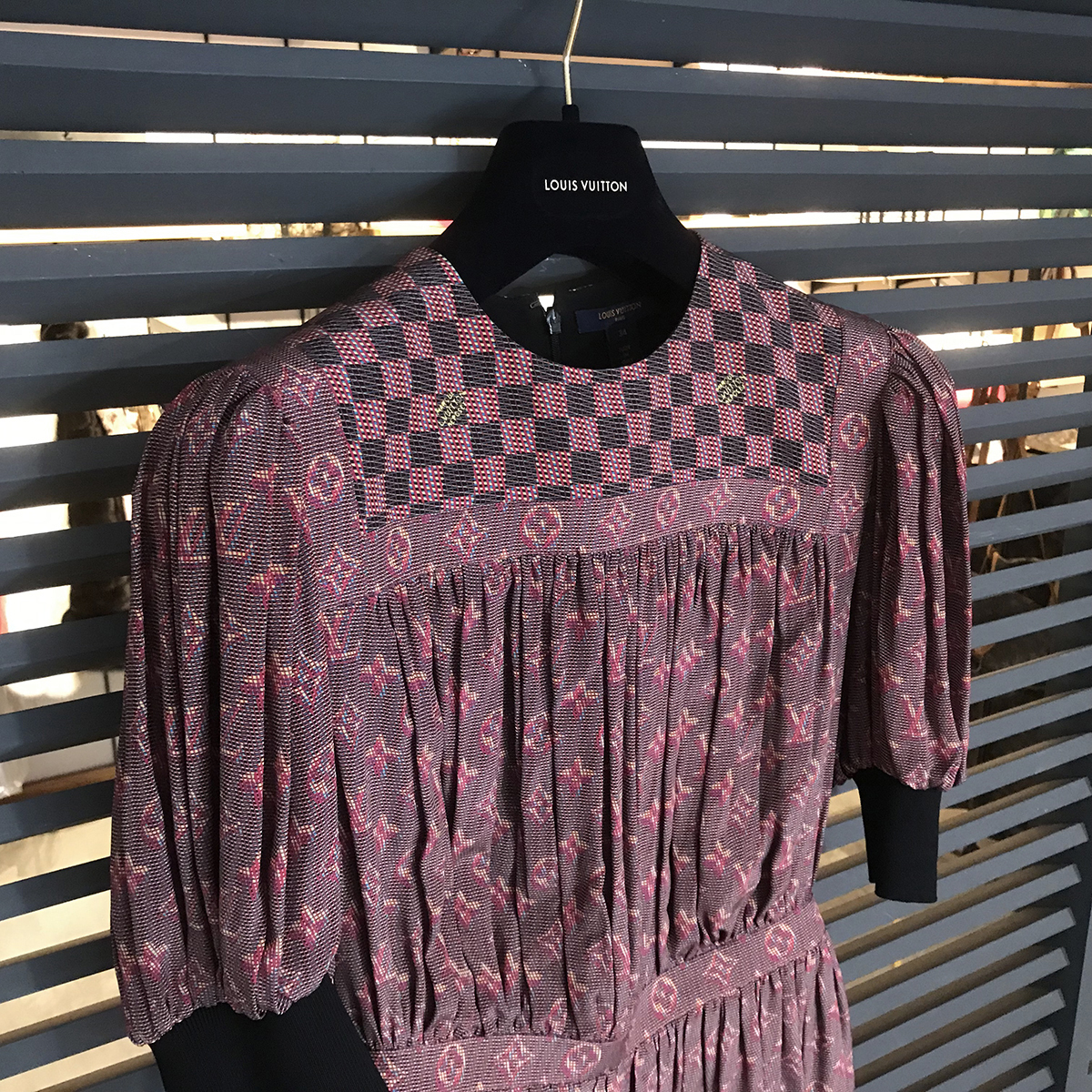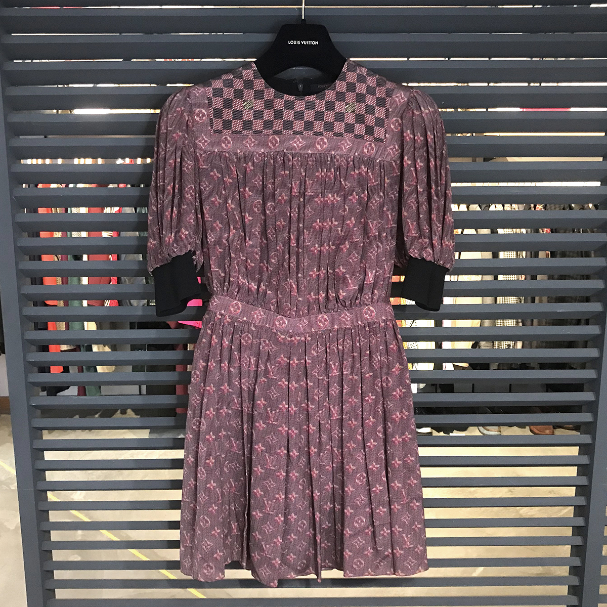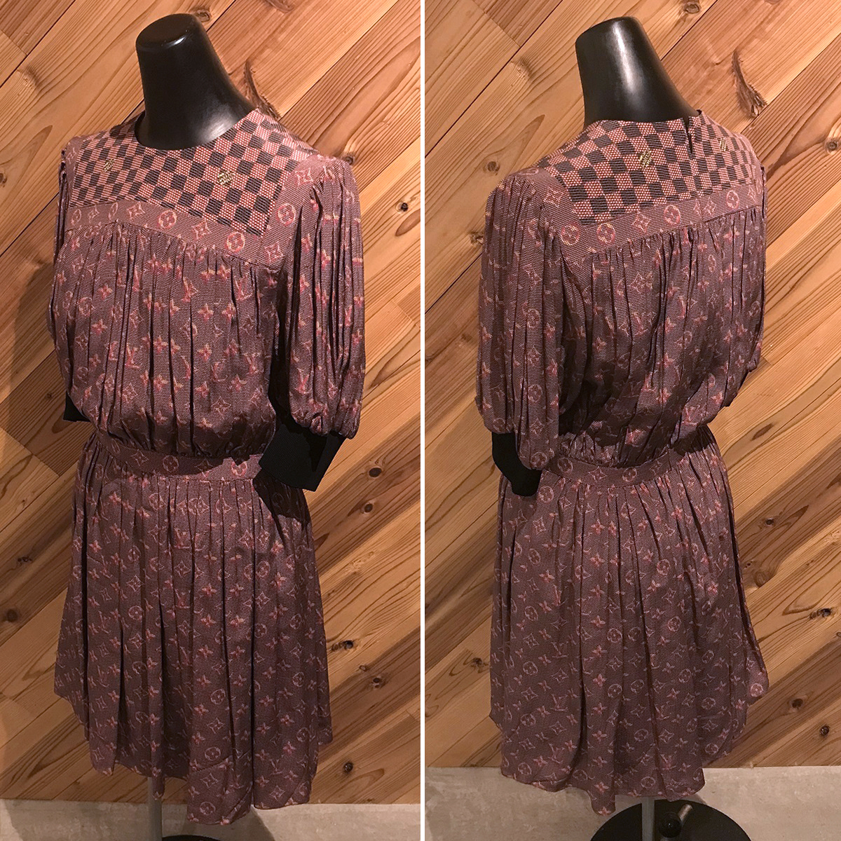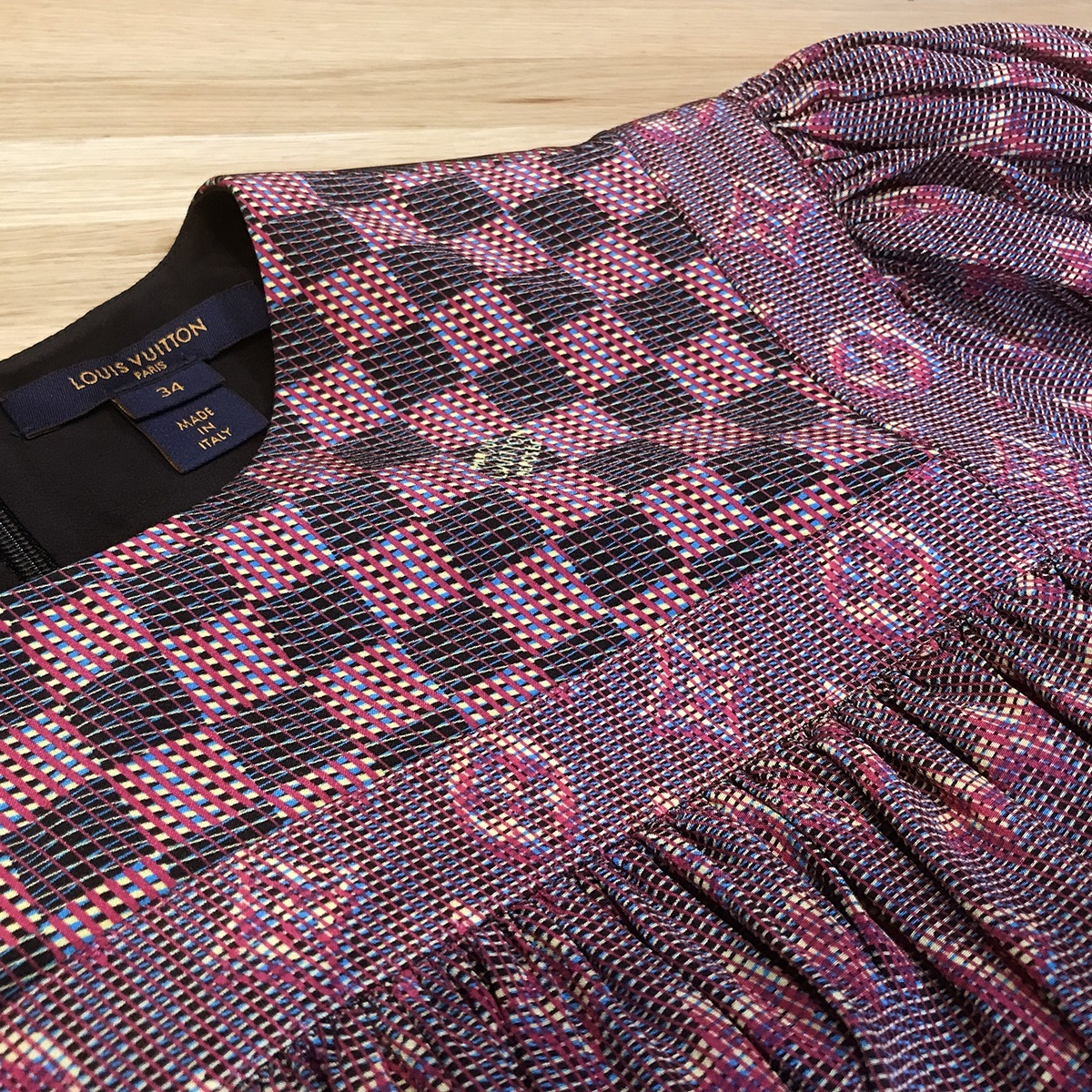 【新品同様】ルイヴィトン LVポップ チュニック ドレス #34 レッド系マルチカラー モノグラム ダミエ シルク100% 09827
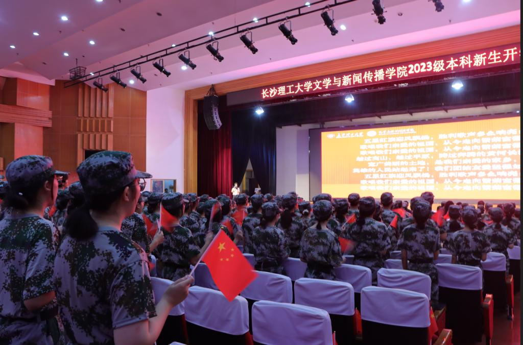 优秀学生代表姚子娴以自己的大学生活为例,用心态转变、评价标准、挑战探索这三道大门为新生们分享自己大学生活的所思所感,鼓励新生们不断挖掘自我,找到独属于自己的最佳生活节奏,度过充实的大学四年。2023级新生代表刘镔方以“长青云之志,理鹏鸟之思”为题,用校训“博学、力行、守正、拓新”表达了勤奋学习、艰苦奋斗的决心。随后,2023级新生全体起立,将右手举过头顶,跟随领誓人进行宣誓,立志成为一名人格正、思辨深、文采好、实践强的新时代文化与传播人才。
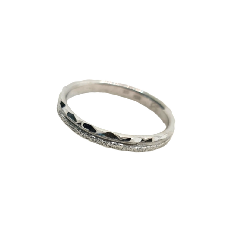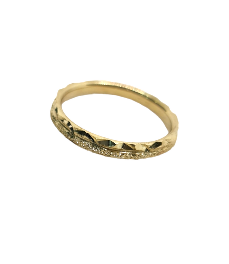 טבעת נישואין דקה בעיצוב עשיר בפרטים, המשלב בין טקסטורת נצנוץ עדינה לבין חריטות גיאומטריות בצורת פירמידות קטנות. החיבור בין השניים יוצר אפקט אור נוצץ שמבליט את הזהב הצהוב ומעניק תחושת תנועה מתמשכת לאורך כל היקף הטבעת. טבעת זו מתאימה במיוחד למי שמחפשת עיצוב צר, אך כזה שלא מוותר על עומק וסגנון.
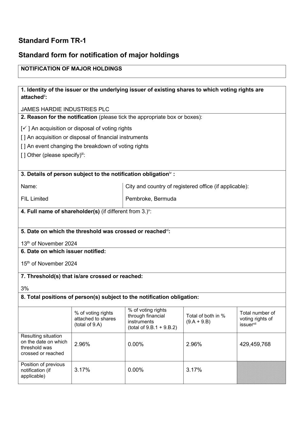 Standard Form TR-1 Standard form for notification of major holdings NOTIFICATION OF MAJOR HOLDINGS 1. Identity of the issuer or the underlying issuer of existing shares to which voting rights are attachedii: JAMES HARDIE INDUSTRIES PLC 2. Reason for the notification (please tick the appropriate box or boxes): [ ] An acquisition or disposal of voting rights [ ] An acquisition or disposal of financial instruments [ ] An event changing the breakdown of voting rights [ ] Other (please specify)iii: 3. Details of person subject to the notification obligationiv : Name: FIL Limited City and country of registered office (if applicable): Pembroke, Bermuda 4. Full name of shareholder(s) (if different from 3.)v: 5. Date on which the threshold was crossed or reachedvi: 13th of November 2024 6. Date on which issuer notified: 15th of November 2024 7. Threshold(s) that is/are crossed or reached: 3% 8. Total positions of person(s) subject to the notification obligation: % of voting rights attached to shares (total of 9.A) % of voting rights through financial instruments (total of 9.B.1 + 9.B.2) Total of both in % (9.A + 9.B) Total number of voting rights of issuervii Resulting situation on the date on which threshold was crossed or reached 2.96% 0.00% 2.96% 429,459,768 Position of previous notification (if applicable) 3.17% 0.00% 3.17%
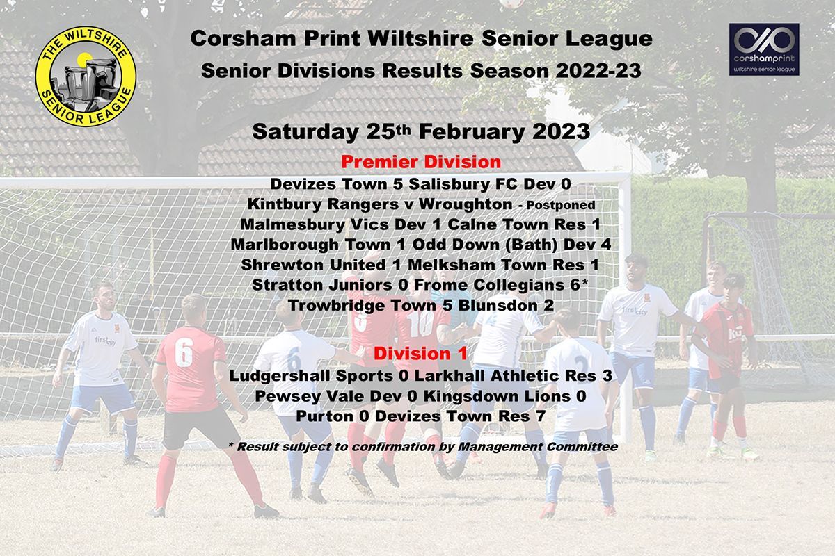 Frome Collegians was curtailed two minutes from time following the collapse of one of the Stratton Juniors players. Thanks to the quick response from both dugouts to the situation the player was put in the recovery position whilst an ambulance was called which thankfully was not long in arriving. We understand from speaking to Stratton manager Neil Lee last night that the player was allowed to leave hospital last night and all at the Wiltshire Senior League wish him a speedy recovery. Well done to both sides for reacting so quickly to such a serious situation. At the time that the game was brought to a premature end Frome Collegians were leading 6-0 thanks to goals from Jack Newman (2), Max Biddiscombe, Barry Sandquest, Dean Caslake and Lee Handford. In accordance with League rules a decision regarding whether the result will stand will be made at the upcoming Management Committee meeting, but with both teams having already confirmed they are happy with the score at the time of the abandonment to stand and entered the result in Full-Time, the current league table reflects the 6-0 score.
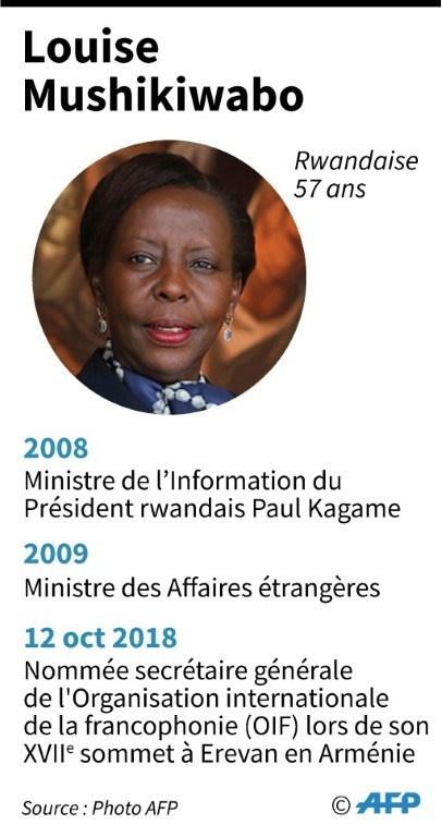 La ministre des Affaires étrangères du Rwanda, 57 ans, a été préférée à la sortante, la Canadienne Michaëlle Jean, pour diriger l'Organisation internationale de la Francophonie (OIF), malgré l'image controversée de son pays en termes de défense des droits de l'Homme.
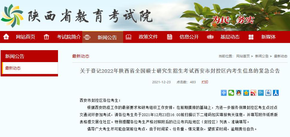 西安市封控區(qū)內(nèi)考生信息的緊急公告
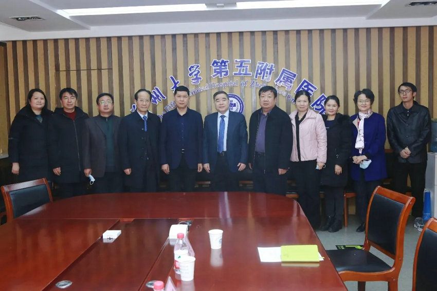 2021年2月23日,信阳市第三人民医院党委书记、院长张国栋,副书记、副院长余新华,医务科科长王鹏飞,门诊办主任、医疗发展科科长乔杰,信阳交通医院院长白美胜等一行来郑州大学五附院座谈交流。郑州大学五附院党委书记王新军、院长郑鹏远、副院长朱光热情接待来访人员,相关职能部门负责人参加了座谈会。
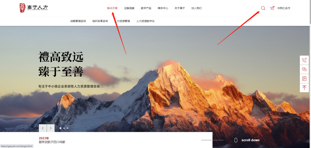 “解決方案”分為“戰略管理咨詢、組織變革咨詢、人力資源管理、人力資源數字化”采用“圖片卡”和“圖文合擺”形式圖文并茂地宣介公司核心業務群組,讓“禮”盡在掌握!
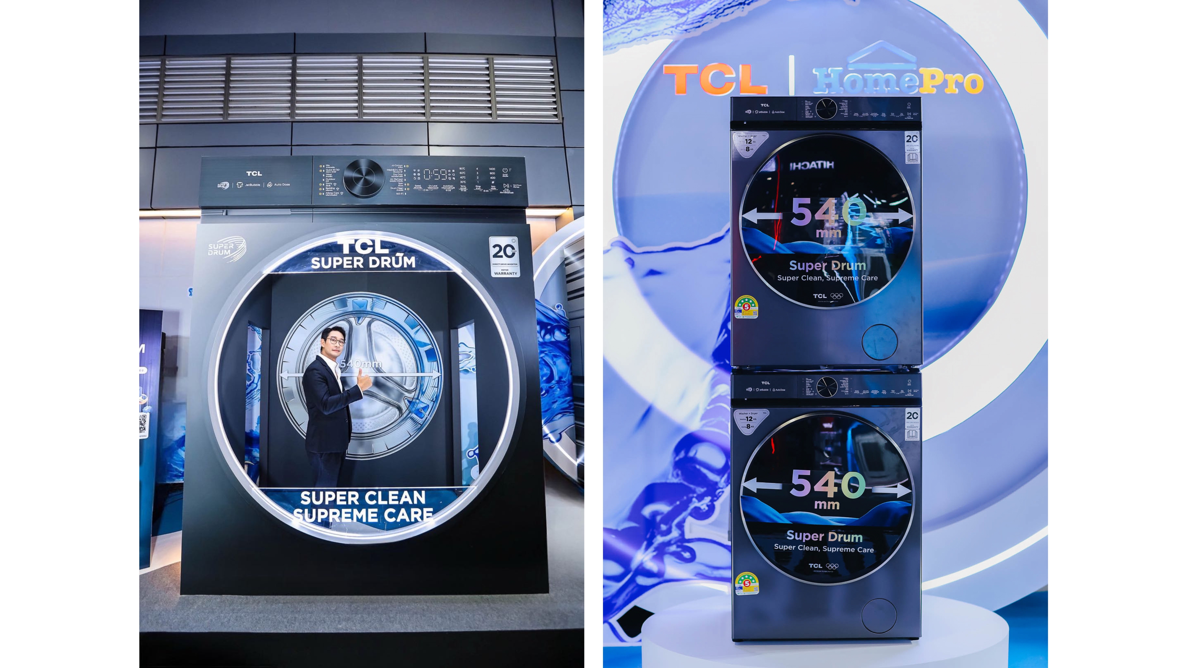 TCL เปิดมิติใหม่ในตลาดเครื่องซักผ้า เปิดตัวเครื่องซักผ้า Super Drum Series รุ่น WT12XCWDG นวัตกรรมสุดล้ำ ถังซักขนาดใหญ่ถึง 540 มม. และฟังก์ชันอัจฉริยะอย่างครบครัน เช่น Super Smart – เชื่อมต่อ Wi-Fi ควบคุมการใช้งานด้วยแอปฯ TCL HOME สามารถคอนโทรลเชื่อมต่อได้ทุกที่ทุกเวลา Super Clean – ดูแลเหนือระดับ ซักสะอาดหมดจด Super Care – ใส่ใจสุขภาพ ปลอดภัยต่อทุกคนในครอบครัว ครบจบทั้งซักและอบในเครื่องเดียวตอบโจทย์ทุกไลฟ์สไตล์ของผู้บริโภคยุคใหม่ เตรียมจัดแคมเปญสุดยิ่งใหญ่ รวมของขวัญสุดพิเศษกว่า 6,000,000 บาท ปลายเดือนตุลาคมนี้

###

- Work instruction -
Range to print from the listing above: from the line with "Frome Collegians was" up to and including the line with "2021年2月23日,信阳市". Please print those lines exactly, with no pictures and nothing more.

- Completed exercise -
 Frome Collegians was curtailed two minutes from time following the collapse of one of the Stratton Juniors players. Thanks to the quick response from both dugouts to the situation the player was put in the recovery position whilst an ambulance was called which thankfully was not long in arriving. We understand from speaking to Stratton manager Neil Lee last night that the player was allowed to leave hospital last night and all at the Wiltshire Senior League wish him a speedy recovery. Well done to both sides for reacting so quickly to such a serious situation. At the time that the game was brought to a premature end Frome Collegians were leading 6-0 thanks to goals from Jack Newman (2), Max Biddiscombe, Barry Sandquest, Dean Caslake and Lee Handford. In accordance with League rules a decision regarding whether the result will stand will be made at the upcoming Management Committee meeting, but with both teams having already confirmed they are happy with the score at the time of the abandonment to stand and entered the result in Full-Time, the current league table reflects the 6-0 score.
 La ministre des Affaires étrangères du Rwanda, 57 ans, a été préférée à la sortante, la Canadienne Michaëlle Jean, pour diriger l'Organisation internationale de la Francophonie (OIF), malgré l'image controversée de son pays en termes de défense des droits de l'Homme.
 西安市封控區(qū)內(nèi)考生信息的緊急公告
 2021年2月23日,信阳市第三人民医院党委书记、院长张国栋,副书记、副院长余新华,医务科科长王鹏飞,门诊办主任、医疗发展科科长乔杰,信阳交通医院院长白美胜等一行来郑州大学五附院座谈交流。郑州大学五附院党委书记王新军、院长郑鹏远、副院长朱光热情接待来访人员,相关职能部门负责人参加了座谈会。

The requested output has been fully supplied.